Submit this activity by pushing it to a new “Semester Project” git repository before class on 26 October 2025.

Instructions for completion:

  • Download the .qmd source code for this file from the course git repository.
  • Edit the document with your responses to the questions, and render the document into an html file.
  • Commit and push both the qmd source and the rendered html file to your semester project git repository.

Overview

The goals for this activity are for you to:

  • finalize the published paper in your field whose results you aim to reproduce as part of the semester project for this course,
  • thoroughly explore the dataset and understand the “data generation process”
  • identify the software packages you will need to implement to complete this reproduction analysis.

Fill out the information in the sections below.

Overview of the original paper

What were the motivations for the study? What were the core questions/hypotheses?

Main results

What are the core results from the original analysis that you wish to reproduce?

Details of the dataset

Provide an overview of all details regarding the original dataset that you feel will be relevant for your re-analysis. For example, what are the different “types” of data relavent to this analysis (e.g. what are the columns in the dataset? Is each column categorical or continuous? How many observations are present? How are missing values represented?)

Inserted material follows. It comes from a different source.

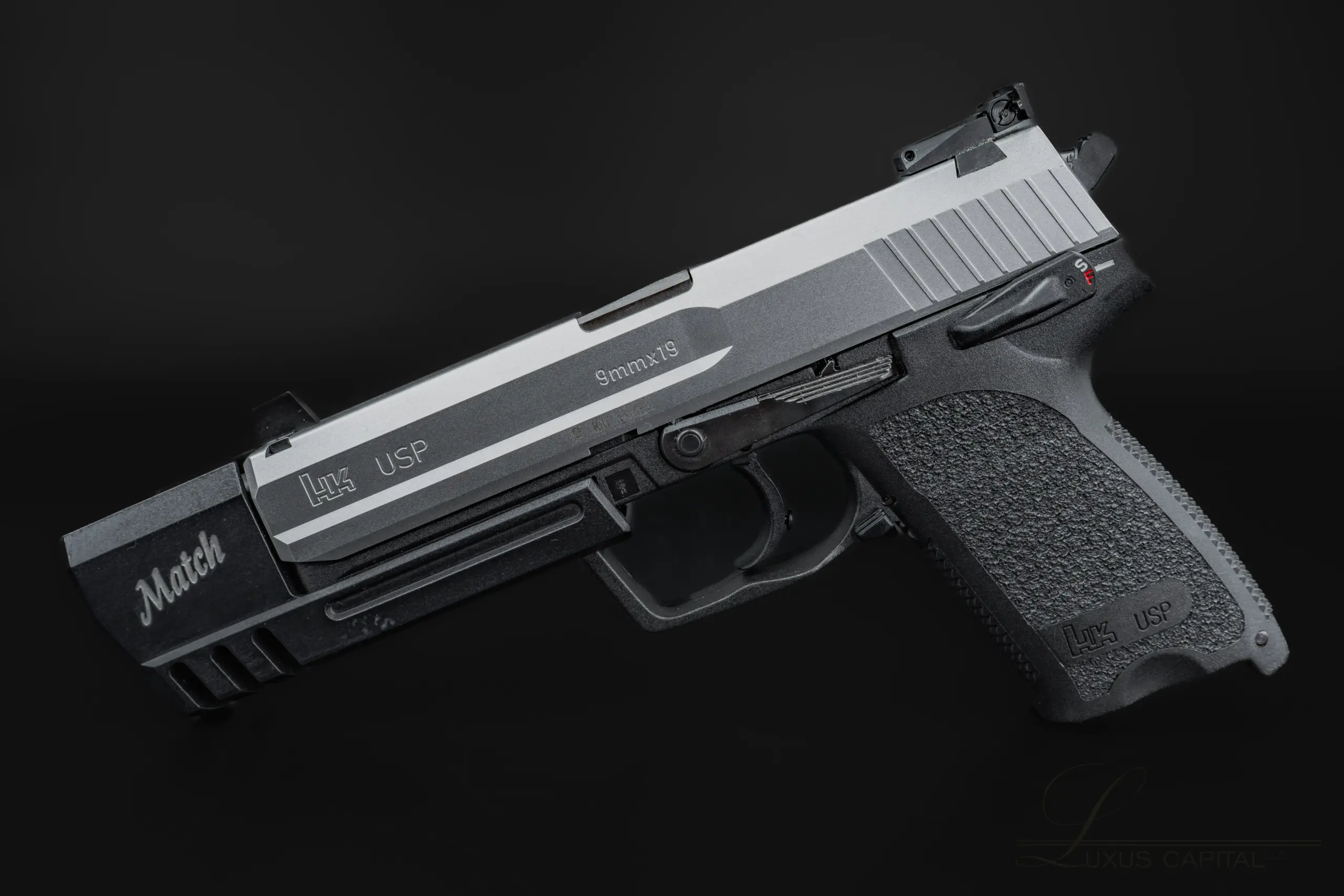 The Heckler & Koch USP Match is a competition-oriented variant of the USP platform, chambered in 9mm and distinguished by its extended match weight and compensator assembly. Its unmistakable profile is paired with purpose-built features designed to enhance control and balance.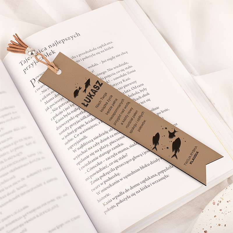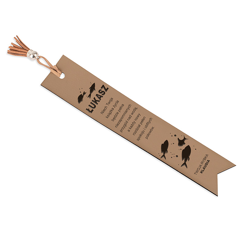 Wyjątkowość zakładki polega przede wszystkim na możliwości jej personalizacji. Na skórzanej powierzchni umieścisz imię osoby, której zakładkę podarujesz. Imię znajduje się na samej górze, obok grafiki przedstawiającej ryby, które symbolicznie podkreślają wędkarską pasję. Poniżej imienia znajduje się cytat związany z pasją do rybołówstwa. Natomiast dolna część zakładki jest miejscem, w którym umieścisz krótką informację, od kogo jest prezent.

Details of the analytical approach

Provide an overview of the analytical approach used in the original study. Include both conceptual and practical information (e.g. what kind of analyses were conducted, and using which software packages?)

Path to reproduction

  • Describe what data are available, including links to all repositories.

  • Describe what code is available, including links to all repositories.

Getting familiar with the data

  • Download the dataset and use dplyr to start familiarizing yourself with the structures and patterns in the dataset. Please include your code and the output below. (Try making at least 5 plots to conduct exploratory data analysis, and run 1–2 simple statistical models).

# Your code here; add more chunks as needed.